#### [Try it]
Copy, please, the line with "Crossing Westburton Hill, the" and each line that follows it through the end of the data below, exactly as given and without pictures.

#### [Material provided]
---

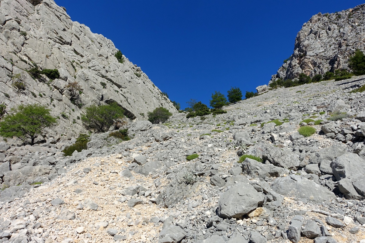Melišče nad kamnolomom. Vzponska steza vijuga ob steni!
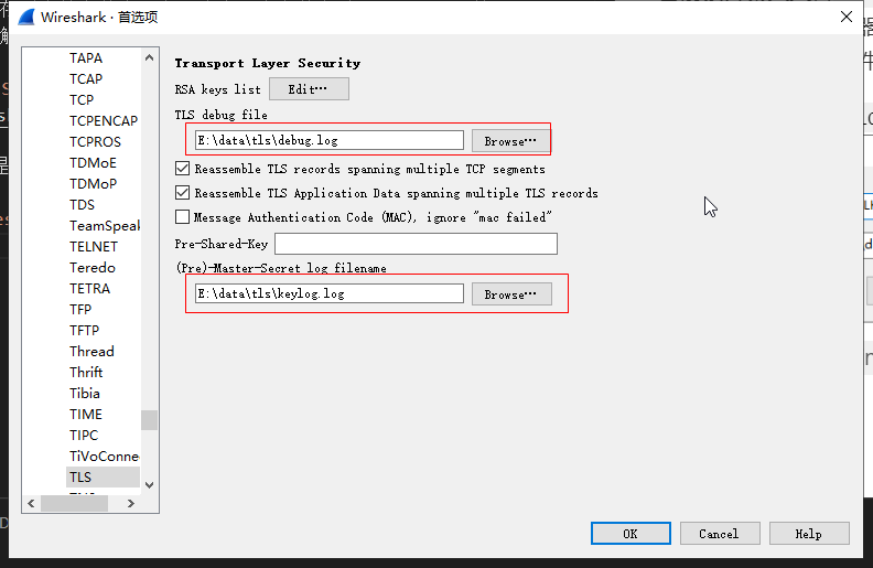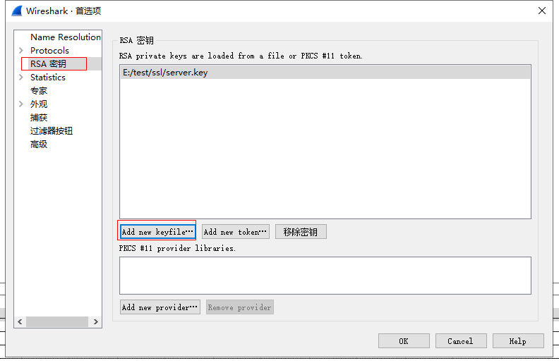 配置对应的私钥文件,把它添加到 wireshark 配置中:
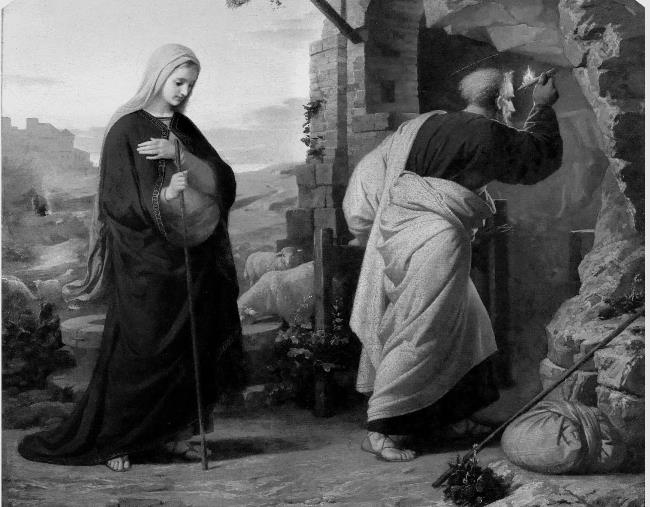 Они не могли уклониться от своей гражданской обязанности даже в связи с тем, что Мария была на последнем месяце беременности и ожидала рождения ребенка. Но в то самое время, когда они пришли в Вифлеем, туда прибыло очень много народа, который тоже принадлежал к дому царя Давида. Собралось такое большое количество людей, что не было возможности разместить всех в гостинице. Поэтому Иосиф и Мария остановились в пещере, которая являлась местом загона для скота в зимнее время. Пастухи, находившиеся рядом с пещерой, не пасли овец, а охраняли их и другой скот, который был в этих загонах, делавшихся в пещерах. Такие пещеры и теперь можно увидеть в окрестностях Вифлеема. Вифлеем [евр. Бейт-Лехем) переводится как «дом хлеба». Христос в евхаристическом смысле говорил о Себе, что Яхлебживый, сшедший с небес (Ин. 6,51). Он рождается в Вифлееме. Хлебный Колос, произошедший в Вифлееме, евхаристически напитал всю вселенную. Христос, рожденный в Вифлееме, доме хлеба, в Святых Дарах Причастия духовно окормляет всю вселенную, напояя ее потоками Истины: «Вифлеем открыл Едем; придите, посмотрим: мы нашли сокровенную пищу, придите, получим внутри пещеры (все) настоящее райское. Там виден корень неполитый, произращающий отпущение; там найден невыкопанный колодезь, из которого Давид в древности хотел пить. Там Дева, родивши Младенца, сразу утолила жажду Адама и Давида. Итак, пойдем туда, где родился юный Отрок, Превечный Бог» (Роман Сладкопевец. Икос на Рождество Христово).
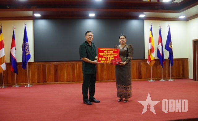 | Ban Chỉ đạo 515 tỉnh Đắk Lắk trao tiền hỗ trợ cho Ban Chuyên trách tỉnh Mondulkiri. |
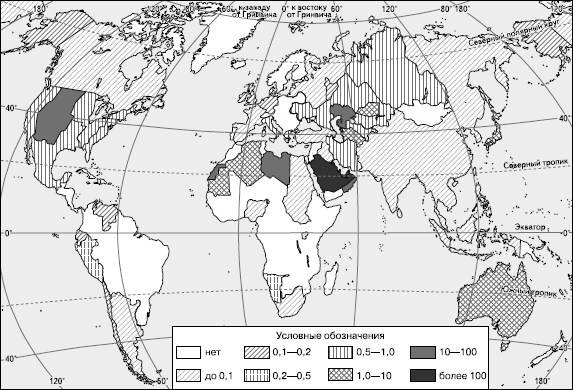 Рис. 21. Потребление опресненной воды, м3 в год на одного человека (по А.Б.Авакяну) В середине 1990-х гг. опреснительные установки работали уже более чем в 100 странах мира. Одни из этих стран расположены в пределах умеренного пояса (например, Великобритания, Нидерланды, США), другие – в субтропическом поясе (например, Италия, Греция, Япония, Азербайджан, Туркмения). Но больше всего таких стран находится в пределах тропического пояса с его обширной аридной зоной. В Северной Африке это Тунис, Ливия, Египет, в Юго-Западной Азии – Саудовская Аравия, Кувейт, ОАЭ, Катар, Ирак, Иран, Израиль, в Америке – США (южные районы), Мексика, Куба, Венесуэла. Больше всего опресненной воды из расчета на одного жителя получают в странах Персидского залива (рис. 21), где такая вода служит главным источником водопотребления (в Кувейте, например, на 100 %). Здесь же находятся опреснительные установки, относящиеся к наиболее мощным в мире. Из отдельных районов по тем же показателям выделяется Калифорния (США, Мексика). Особо следует сказать об островных микрогосударствах, зависимость которых от потребления опресненной морской воды также очень велика. Это в полной мере относится не только к Багамским, Бермудским, Виргинским, нидерландским Антильским островам в Карибском море и Атлантике, но также к Канарским островам и островам Зеленого Мыса у западного побережья Африки, к ряду островов Французской Полинезии. В Советском Союзе самые крупные опреснительные установки находились на восточном побережье Каспийского моря (п-ов Мангышлак). Ныне одна из этих установок, находящаяся в Туркмении, ежесуточно опресняет 120 тыс. м3 морской воды. При прогнозировании развития индустрии опреснения нужно иметь в виду возможные экологические последствия ее деятельности, поскольку отходы опреснения, которые складируют на суше или сбрасывают в море в виде рассолов, негативно воздействуют на экосистему. То же относится и к отработанным водам АЭС, которые работают «в паре» с опреснительными установками.
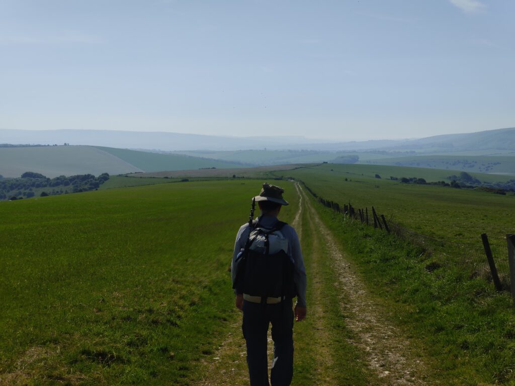 Crossing Westburton Hill, the Downs stretched off ahead of me. The morning was hazy, as it had been every morning so far, promising another baking day under a scorching sun. Shades of farm green and sky blue washed together and were hung out to dry in the rising sun. For now, I made the most of the cool morning. Dew covered grass glistened like jewels, drops of silver. Cows were to my left, and sheep far away to my right, and here I am stuck in the middle with my shadow, on this chalky white path. The trail followed the ancient fences, over and over the Downs.
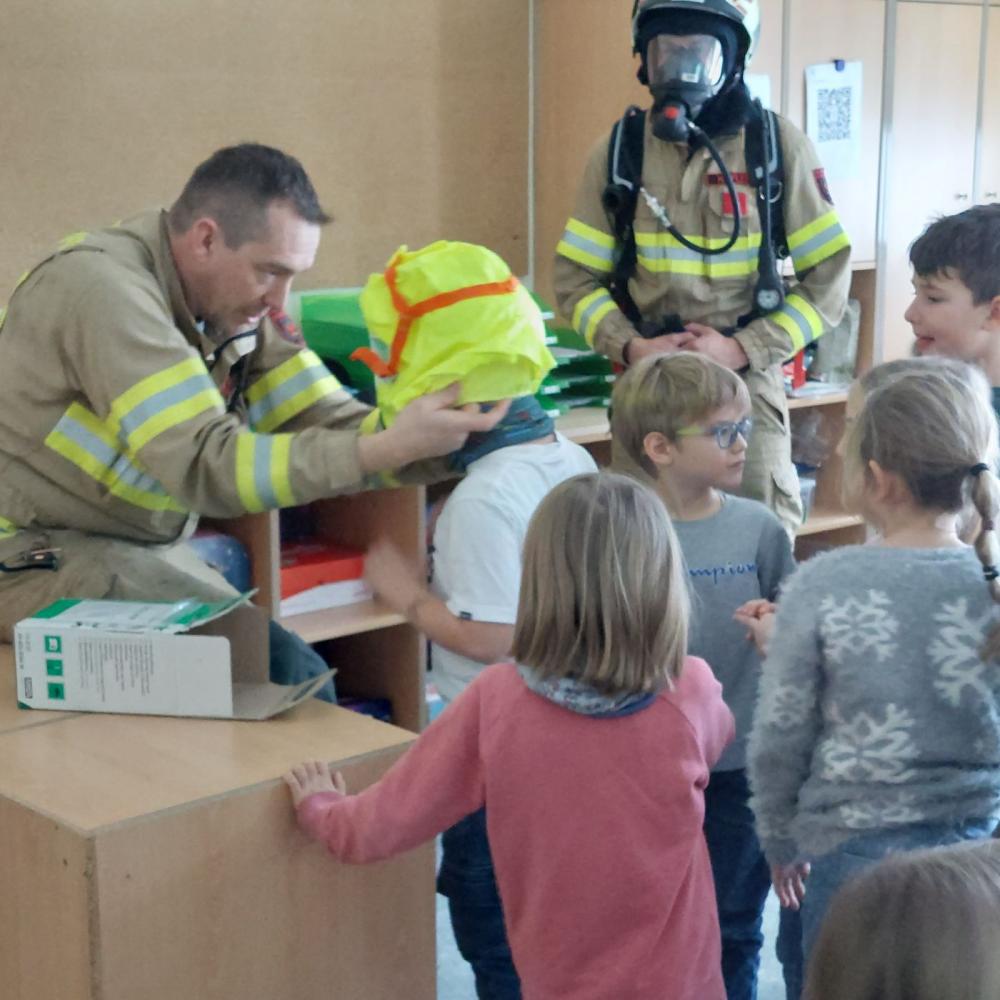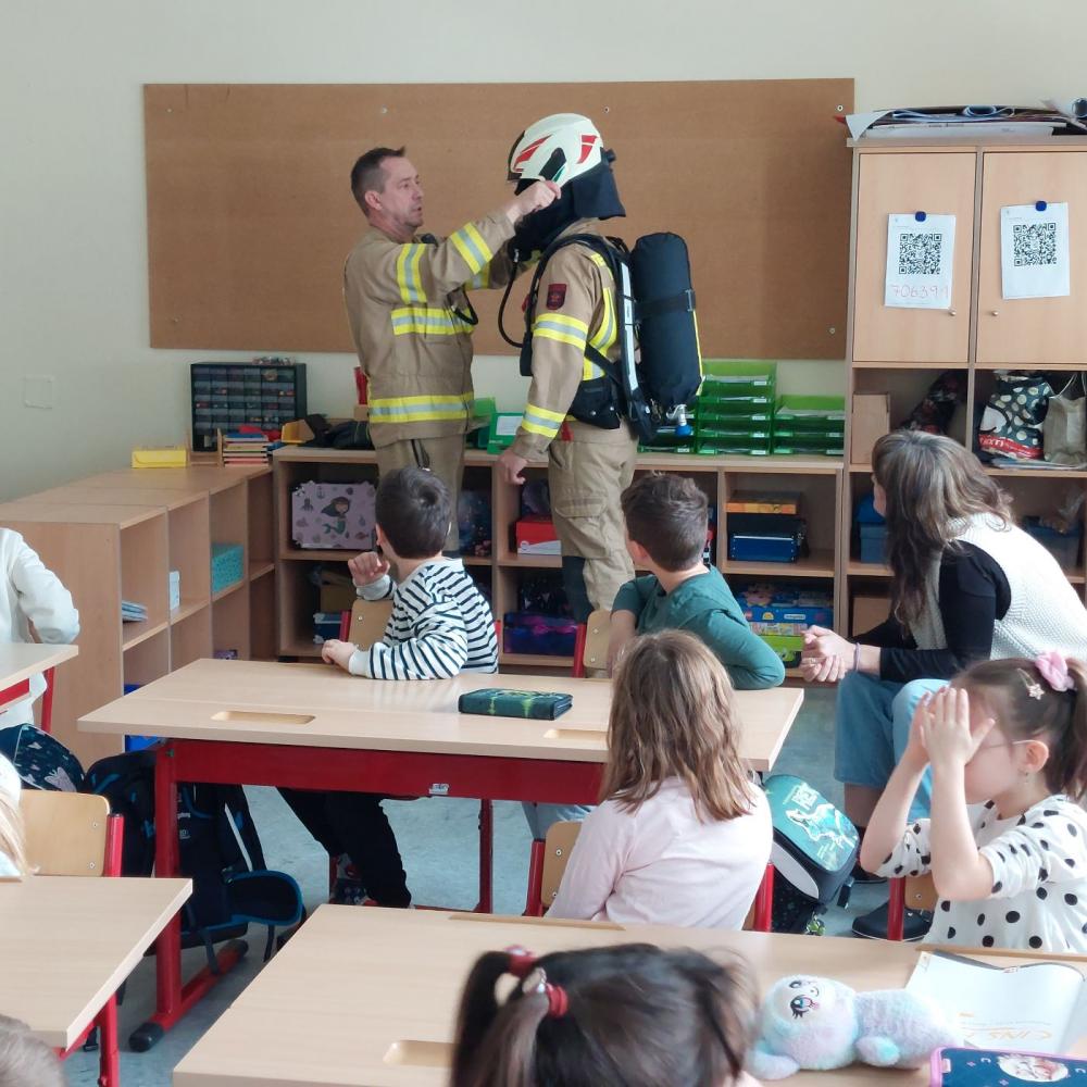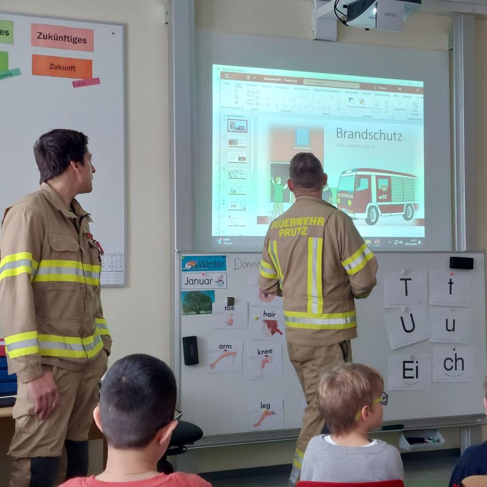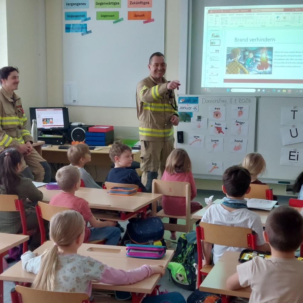 Am 9. Jänner bekamen wir Besuch von Feuerwehrkommandant Mario Jäger und Atemschutzfeuerwehrmann Alexander Kofler. Ihr Ziel war es die Kinder auf die Gefahrenquelle Feuer aufmerksam zu machen. Zuerst gaben sie uns wertvolle Tipps zur Brandvermeidung. Danach wurden wichtige Verhaltensregeln im Brandfall in der Schule erarbeitet.
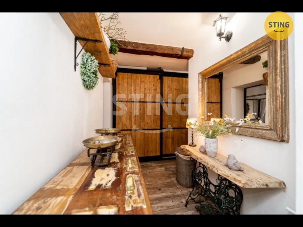 Milovníky masivního nábytku potěší, že stylové vybavení, které dotváří jedinečnou atmosféru bytu, je součástí prodeje.

---

#### [Answer to this exercise]
 Crossing Westburton Hill, the Downs stretched off ahead of me. The morning was hazy, as it had been every morning so far, promising another baking day under a scorching sun. Shades of farm green and sky blue washed together and were hung out to dry in the rising sun. For now, I made the most of the cool morning. Dew covered grass glistened like jewels, drops of silver. Cows were to my left, and sheep far away to my right, and here I am stuck in the middle with my shadow, on this chalky white path. The trail followed the ancient fences, over and over the Downs.
 Am 9. Jänner bekamen wir Besuch von Feuerwehrkommandant Mario Jäger und Atemschutzfeuerwehrmann Alexander Kofler. Ihr Ziel war es die Kinder auf die Gefahrenquelle Feuer aufmerksam zu machen. Zuerst gaben sie uns wertvolle Tipps zur Brandvermeidung. Danach wurden wichtige Verhaltensregeln im Brandfall in der Schule erarbeitet.
 Milovníky masivního nábytku potěší, že stylové vybavení, které dotváří jedinečnou atmosféru bytu, je součástí prodeje.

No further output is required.